In "cluster" VMware enable HA with DRS, constantly experience disconnection of the "hosts" of vcenter servers appliance
Versions of Vsphere 6.5 8294253
vcenter appliance 126.96.36.19900
Add the parameter
config.vpxd.heartbeat.notRespondingTimeout = 120
Restart the vcenter services, considering this link
However, you continue to experience the disconnection of the hosts of vcenter servers
Attached picture that our Server Calfaquen disconnection, but the event occurs with all servers
I would appreciate your support
This is a new deployment? Or old one and the problem only starts occurs now? The ESXi hosts and the vCenter appliance are on the same subnet or the vCSA are on different subnet and behind a firewall?
Check the following VMware KB article for additional settings that you need to investigate: VMware Knowledge Base
I would suggest to check the events for VCSA and see if there was backup, snapshot or any other tasks running on VCSA at the same time that the host became disconnected.
In large and enterprise scale environments it usually happens in wide mangement subnets, network congestion, low heartbeat timeout values and if the VC is too busy with lots of taks in queue.
Also I have seen that issue when crating snapshot or backups of the vCenter Server. Also high storage latency causes that issue as well.
vCENTER Appliance is on a different subnet than the esxi hosts, also modify the vpxa timeout on the Esxi and Vcenter Appliance hosts,
Also modify the teaming to vswitch level, because there was only one active adapter, All configured as active (4 adapter active).
At the vmkernel portgroup level, also modify the teaming and only consider an active adapter and 3 standby adapter.
However, the Esxi continues to be disconnected.

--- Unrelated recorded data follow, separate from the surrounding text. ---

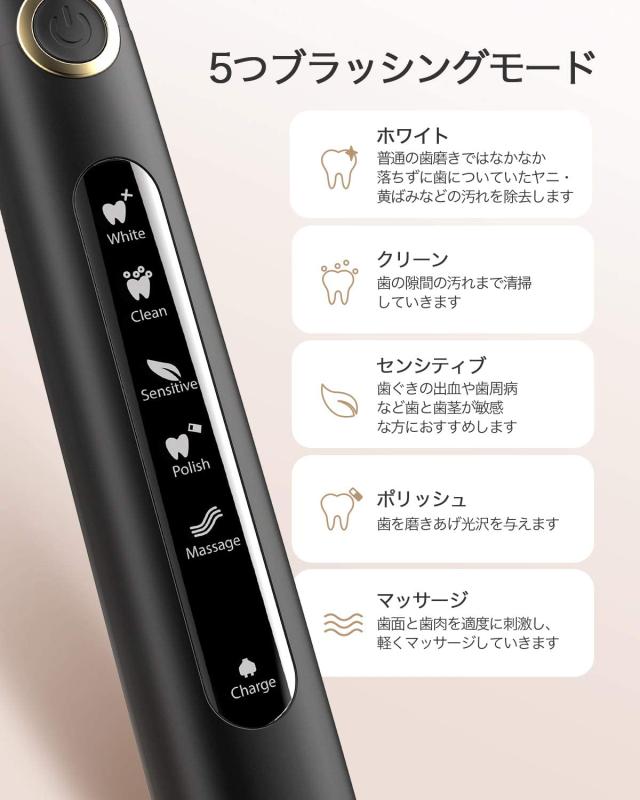 【5つブラッシングモード】歯の状態に合わせたケアができるため、電動歯ブラシは5つモードの切り替え機能を搭載しました。
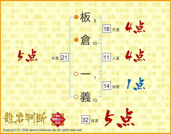 板倉一義さんの総運は32画の5点!
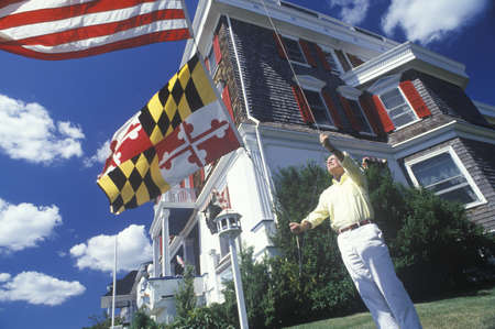 Man Raising American and Maryland Flags, Cape May, New Jersey
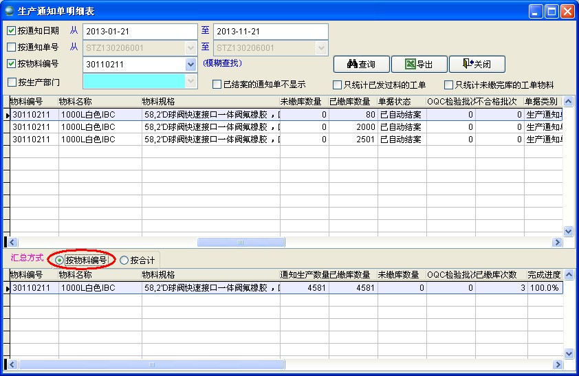 勾選此項(xiàng)后只顯示未結(jié)案的生產(chǎn)通知單
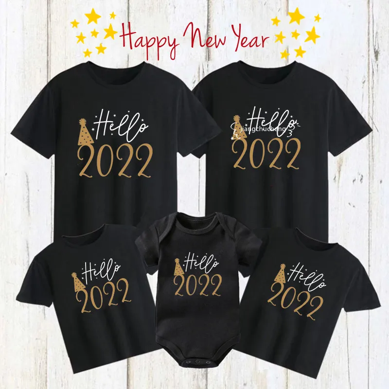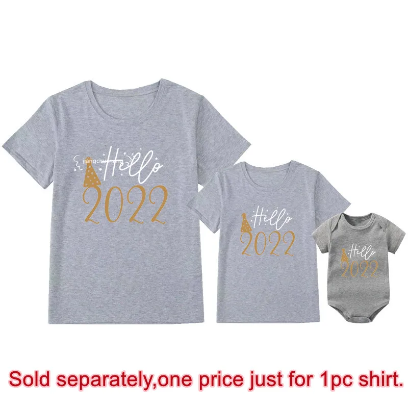 Одинаковая одежда с принтом Hello 2022 для всей семьи, хлопковые футболки для семьи, для папы, мамы и меня, детские комбинезоны, одежда для нового года
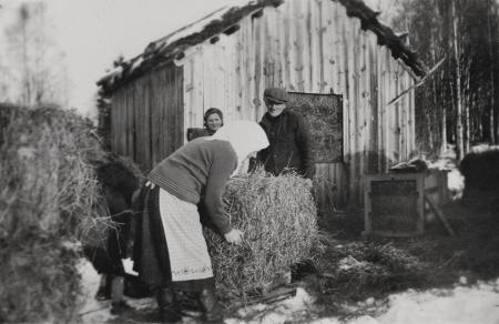 Höbalning hos Karl Vingård. I förgrunden Jussas Hilda, bakom Senni Henriksson (Örn).
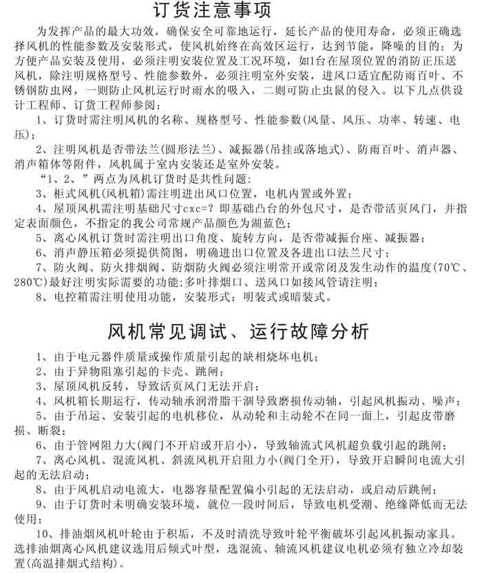 一、风机选用参考、安装维护使用说明、常见故障分析、订货注意事项
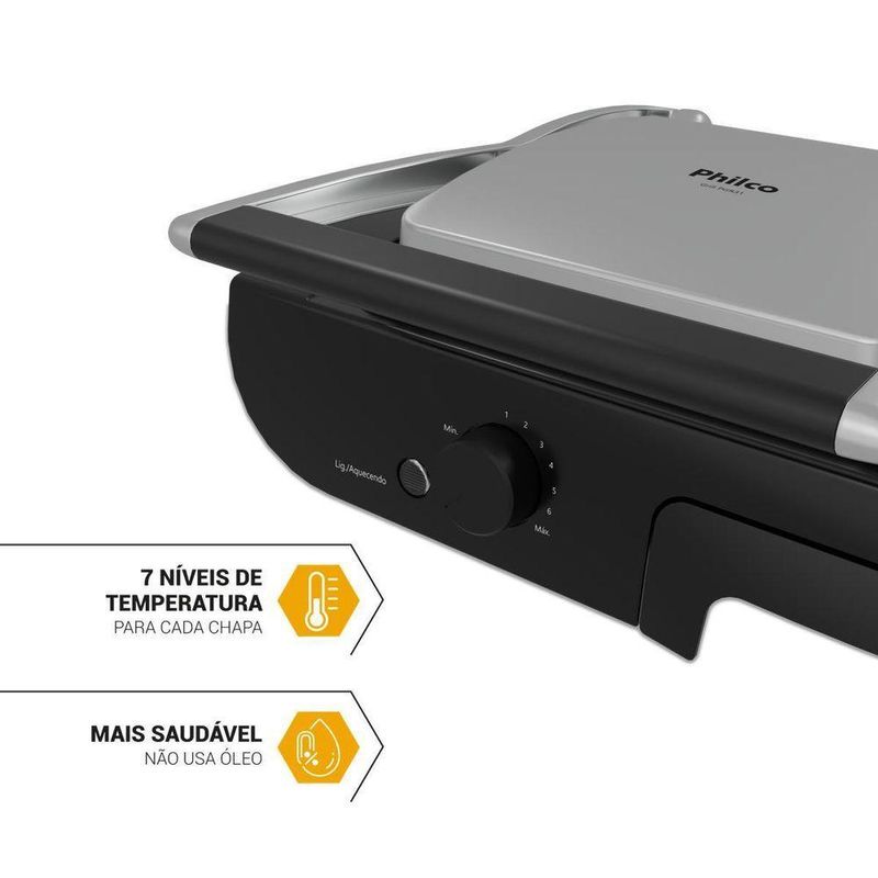 Grill Philco PGR31 7 Níveis De Temperatura 1500W 220VO Grill Philco PGR31 proporciona um preparo eficiente e versátil para suas refeições. Com uma potência de 1500W, garante um cozimento rápido e uniforme, com resultados deliciosos em pouco tempo.Possui 7 níveis de temperatura, sendo possível ajustar individualmente cada chapa, alcançando até 220°C. Isso possibilita preparar diferentes tipos de alimentos ao mesmo tempo, desde hambúrgueres suculentos até legumes grelhados, com o ponto exato de cozimento desejado.Equipado com 2 chapas, o Grill Philco PGR31 é ainda mais versátil, permitindo grelhar um lado do hambúrguer enquanto derrete o queijo no outro, por exemplo. Já o coletor de gordura integrado garante alimentos preparados de forma mais saudável, sem sujeira e sem excesso de óleo.Com acabamento em inox, o Grill Philco é durável e elegante, adicionando um toque especial à sua cozinha. E com a base antiderrapante, oferece maior estabilidade durante o uso, proporcionando praticidade e segurança ao preparar suas refeições.Principais Características:- Possui chapas lisas e onduladas- Chapa do lado esquerdo é ajustável- 2 seletores de temperatura, seletor independente para cada lado da chapa- Os seletores de temperatura possuem 7 níveis, ajuste até 220°C- Luz indicadora de aquecimento para cada lado da chapa- Chapas com revestimento antiaderente- Coletor de gordura com volume de 180ml- Base antiderrapante.Especificações Técnicas:Marca: PhilcoModelo: PGR31Cor: PretoEstado: NovoPotência (W): 1500WTrava de fechamento: NãoFormato da chapa: QuadradaRevestimento da chapa: AntiaderenteAltura do produto: 12 cmLargura do produto: 47 cmComprimento do produto: 29,3 cmPeso do produto: 2,7 kgAltura com embalagem: 35 cmLargura com embalagem: 51,7 cmComprimento com embalagem: 15 cmPeso com embalagem: 3,2 kgGarantia (Dias): 360Observação: Somente faturamos para o nosso consumidor final, ou seja, não faturamos pedidos para CNPJ por este portal de vendas;
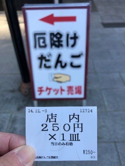 厄除け団子も250円と値上がりしてしまったけれど、迷わず買う!
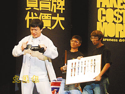 【本報訊】(記者 李慶全)成龍昨日應邀出席「買假貨、代價大」的記者招待會,席上成龍並與「假貨國際專家」孟方睿即場演繹一幕短劇,成龍先乘電單車出場,並擊退多個「翻版成龍」。他還手持電鋸,將放滿假貨的攤檔清拆走,又將孟方睿身上的假名牌西裝及皮鞋撕爛。
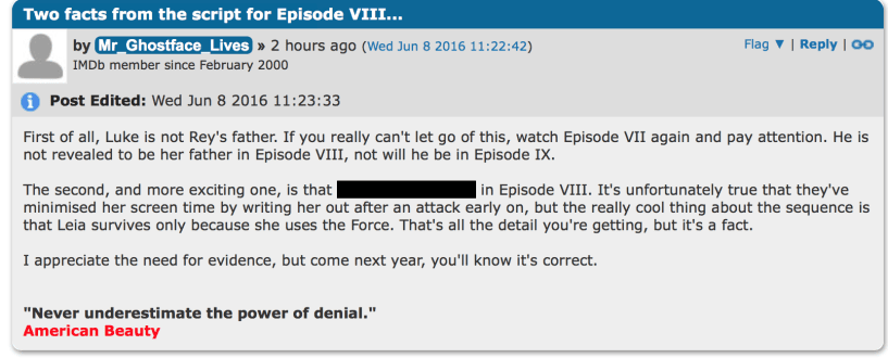 Estos rumores vienen de los foros de IMDB en los que el usuario Mr_Ghostfast_ Lives, que ya dio a conocer detalles superficiales de El Despertar de la Fuerza antes de su estreno, nos comenta estas cosas:
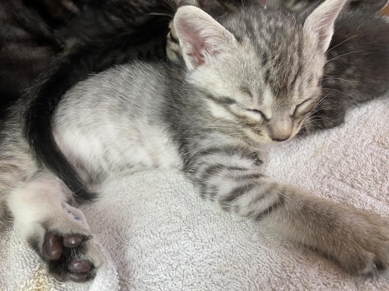 | 特徴(性格など) | アメショのような白トラ柄のメス猫です。 現在離乳食をたべて、お皿から水を飲んでいます。 トイレはまだ練習中ですが、トイレに入れてあけるとできるようになってきました。トイトレ完了後の譲渡もできます、ご連絡ください。 |
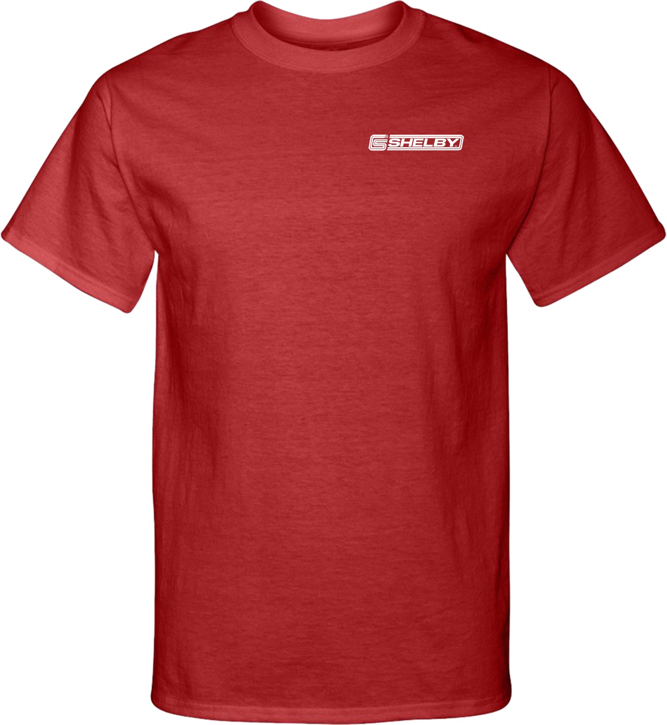 • A mens tall t-shirt featuring the Shelby logo as a pocket print
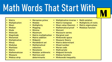 Math Words That Start With M. Web 18 rows magnitude of a vector. Find definitions of all math terms with letter m, explained with informational pictures and.
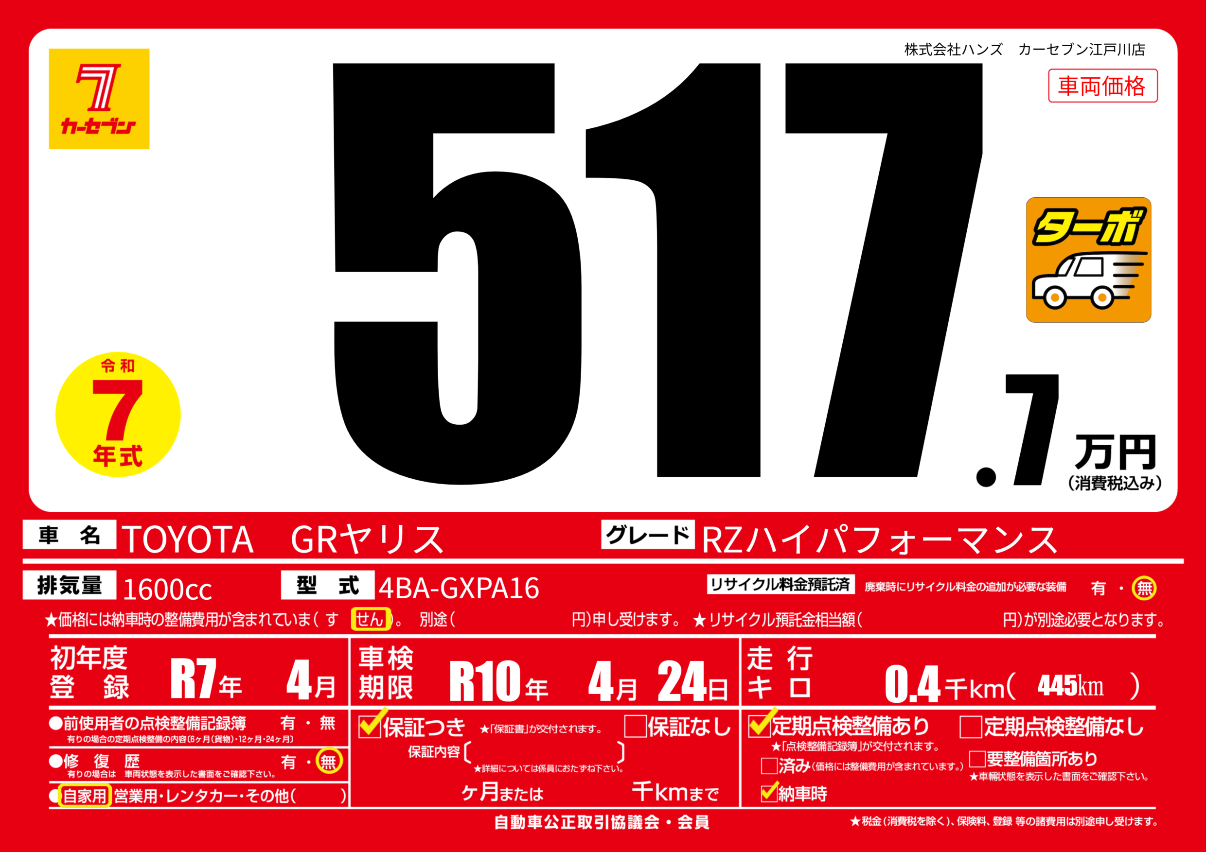 | 車名 | TOYOTA GRヤリス | グレード ミッション 排気量 |
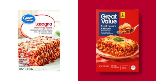 A atualização inclui imagens projetadas para tornar o produto dentro do produto mais atraente para o comprador. Por exemplo, a lasanha congelada Great Value contará com o macarrão guarnecido com folhas de manjericão, servido em um prato cheio e exposto sobre uma toalha de mesa vermelha com fundo vermelho, segundo a administração do Walmart. A caixa de hoje mostra a lasanha com molho branco.
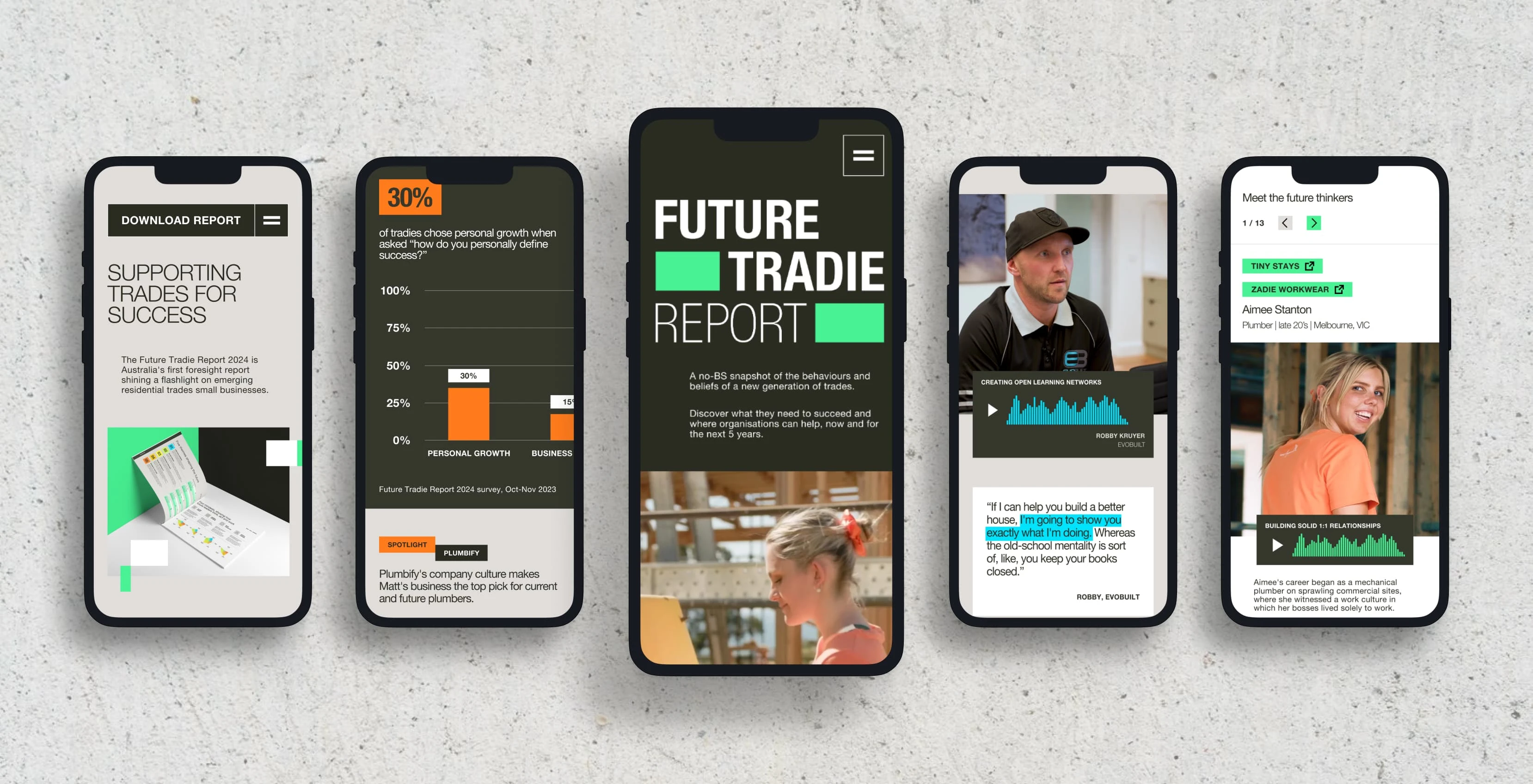 The Future Tradie Report is Australia’s first foresight report shining a light on emerging residential trade small businesses. I designed the digital experience and contributed to the brand identity, and assisted in the Webflow development.

if it is possible that they can support,
I would suggest to check performance graphs of the both the ESXi host and the vCenter server at the occurrence time of the issue and look for potential high latency or high CPU/RAM usage.
Also check the timestamp of the alert and see if there was any backup job running at that time.
If not, then the potential issue can be the layer 3 network connectivity latency especially if you have fairewall doing the interVLAN routing.
To capture the network traffic you can use pktcap-uw --vmk vmk# -o file.pcap on ESXi shell and then open the captured file with WireShark as it is easier to view the contents of the pcap on WireShark.
Also you can check the hostd.log file and look for heartbeats.
You can run the below command and leave the SSH window open:
pktcap-uw --vmk vmk0 -o /tmp/test.pcap
(replace "vmk0" with the vmk# of your management vmk adapter of the ESXi host if it's not VMK0)
The packet capture will continously capture the traffic of the VMKernel onto test.pcap file and when you want to stop it, just press Ctrl-C multiple times. (Do not stop it by Ctrl-Z as it may leave the process running in background that won't release the output file).
Then open the file using Wireshark which is quite user friendly and easy to use.
Does this only affect management communication between hosts and vCenter? Or are the VMs no longer accessible via network, too? Does this affect all hosts at the same time or only one host?
Which physical network card is installed in the hosts? We recently had the case where individual hosts repeatedly lost the complete network connection. We had a faulty driver for the Intel X710 cards (driver i40en and the bug was fixed in version 1.7.1).